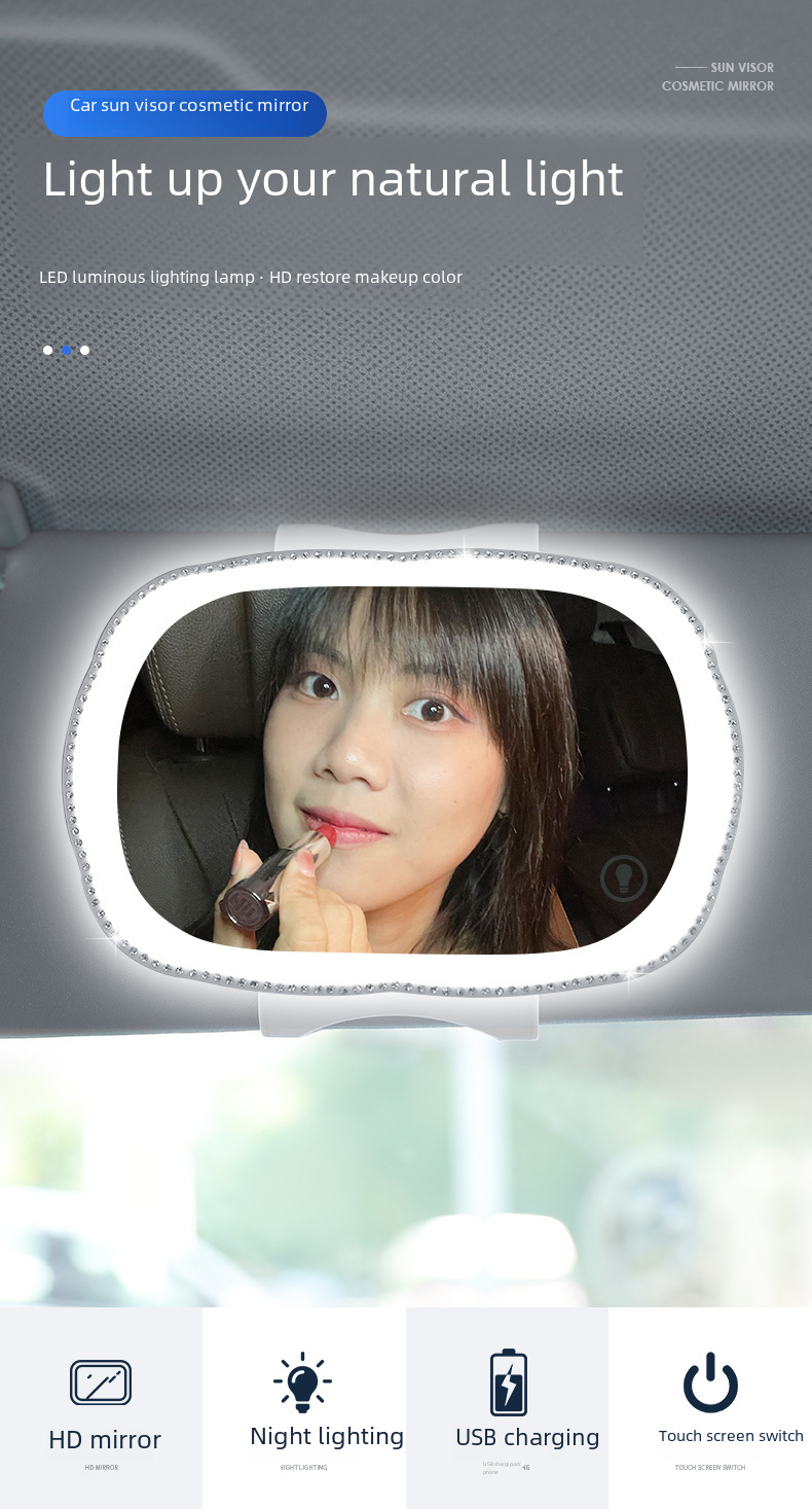Car sun visor HD makeup mirror car co pilot shatterproof LED light touch goddess sun visor makeup mirror
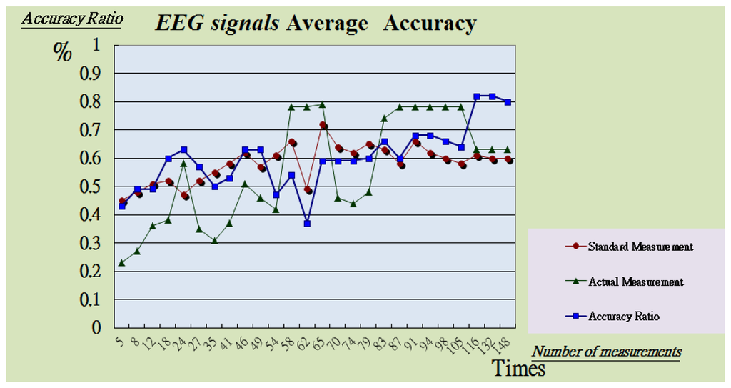 Table 1 compares the existing system in this study in real-time, average distortion test and average sensitivity test. We used the existing BEAM Systems by Frontline Test Equipment Inc. (Charlottesville, VA, USA) and Ke Chuang Technology Inc. (Shenzhen, China) to start four experiments. The first experiment observed the alarm delay time. The second experiment measured brain electrical signals during 20 tests and computed the error ratios (see Figure 13).
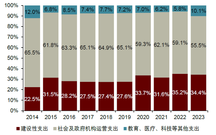 图表5:2014-2023年建设性的财政支出具备提升空间
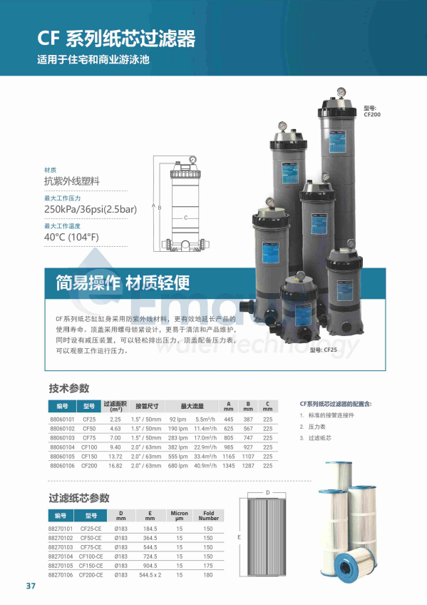 競(jìng)技池CF系列紙芯缸缸身采用防紫外線材料,更有效地延長(zhǎng)產(chǎn)品的使用壽命。頂蓋采用螺母鎖緊設(shè)計(jì),更易于清潔和產(chǎn)品維護(hù),同時(shí)設(shè)有減壓裝置,可以輕松排出壓力,頂蓋配備壓力表,可以觀察工作運(yùn)行壓力

----

The problem: Give back every line of the material exactly as written, but not the pictures.

Answer to this problem:
Car sun visor HD makeup mirror car co pilot shatterproof LED light touch goddess sun visor makeup mirror
 Table 1 compares the existing system in this study in real-time, average distortion test and average sensitivity test. We used the existing BEAM Systems by Frontline Test Equipment Inc. (Charlottesville, VA, USA) and Ke Chuang Technology Inc. (Shenzhen, China) to start four experiments. The first experiment observed the alarm delay time. The second experiment measured brain electrical signals during 20 tests and computed the error ratios (see Figure 13).
 图表5:2014-2023年建设性的财政支出具备提升空间
 競(jìng)技池CF系列紙芯缸缸身采用防紫外線材料,更有效地延長(zhǎng)產(chǎn)品的使用壽命。頂蓋采用螺母鎖緊設(shè)計(jì),更易于清潔和產(chǎn)品維護(hù),同時(shí)設(shè)有減壓裝置,可以輕松排出壓力,頂蓋配備壓力表,可以觀察工作運(yùn)行壓力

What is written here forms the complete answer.